## Brief
Print the whole listing below exactly, skipping every picture.

## Dataset excerpt

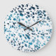 Abstract Terrazzo Mosaic Navy & Light Blue Pattern Large Clock
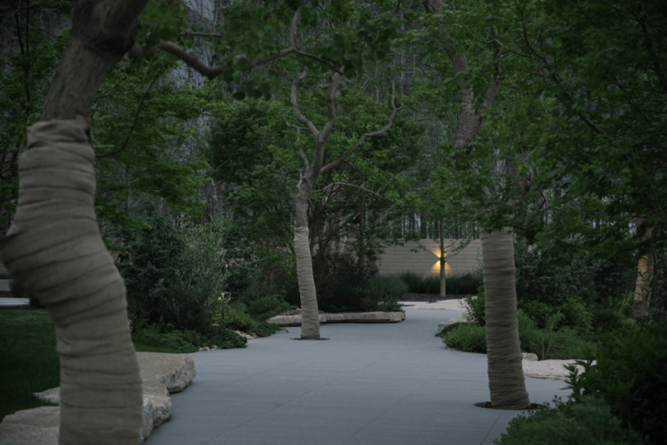 步入社区,首入眼帘的是约6米高水幕的下沉式山水庭院,与周围建筑融为一体,将自然与松弛感带给社区。
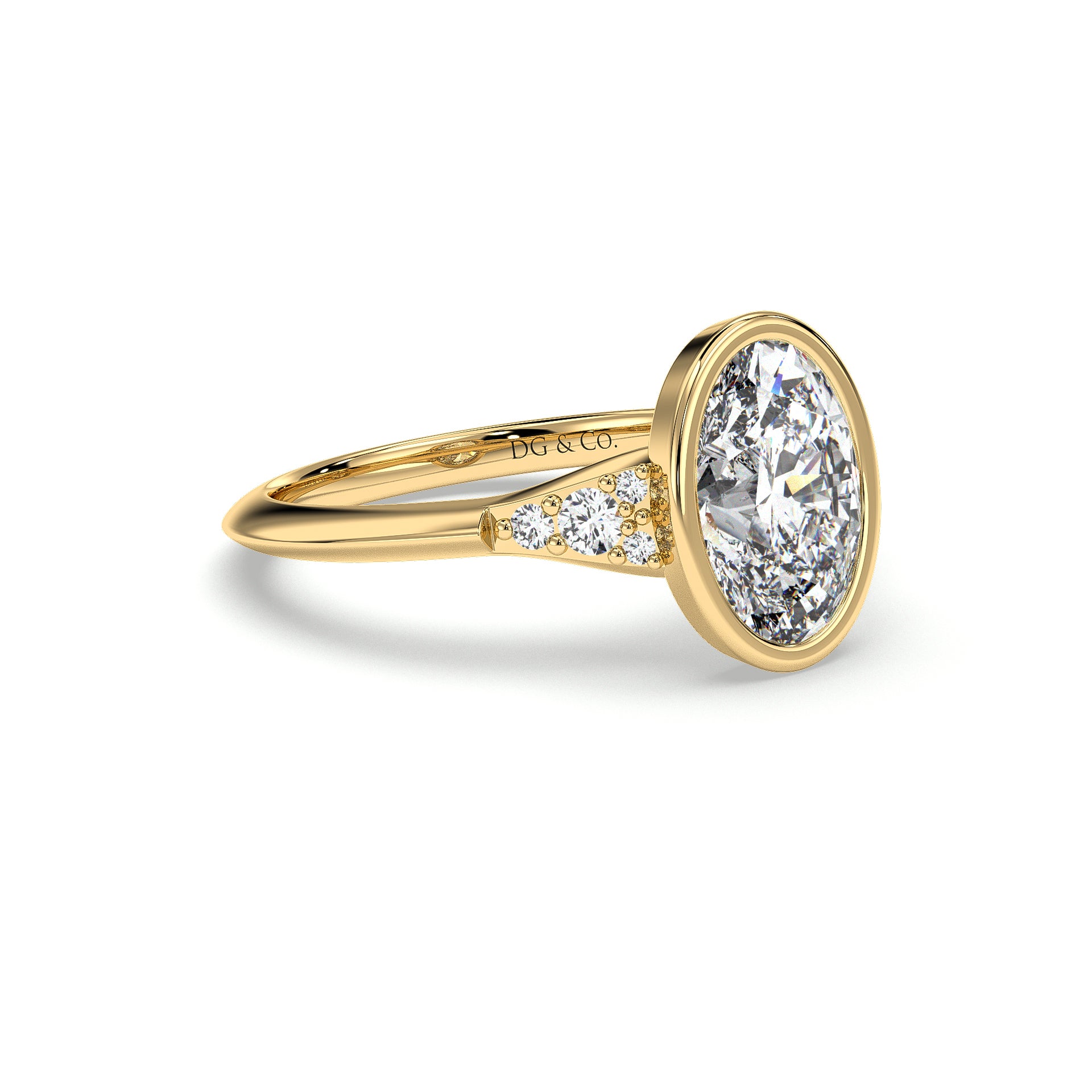 Showcase a promise of forever with this oval cut diamond accent bezel engagement ring. It combines a bezel set center diamond with side stone claw set diamond accents for safety standout style.
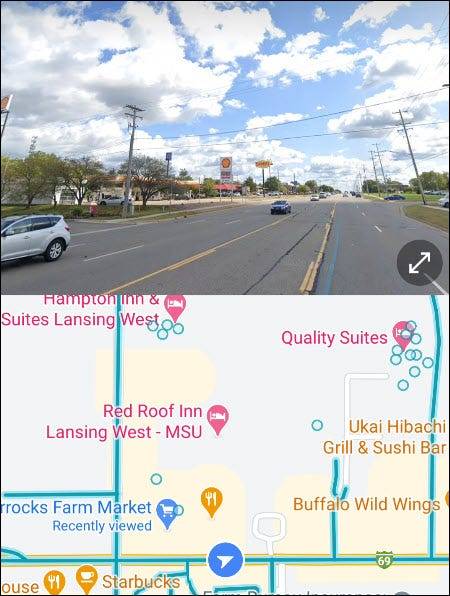 现在,“街景”将以全屏模式打开。为了查看街景视图和自上而下的地图,您要做的就是点击右下角的双箭头图标。

## Reply
 Abstract Terrazzo Mosaic Navy & Light Blue Pattern Large Clock
 步入社区,首入眼帘的是约6米高水幕的下沉式山水庭院,与周围建筑融为一体,将自然与松弛感带给社区。
 Showcase a promise of forever with this oval cut diamond accent bezel engagement ring. It combines a bezel set center diamond with side stone claw set diamond accents for safety standout style.
 现在,“街景”将以全屏模式打开。为了查看街景视图和自上而下的地图,您要做的就是点击右下角的双箭头图标。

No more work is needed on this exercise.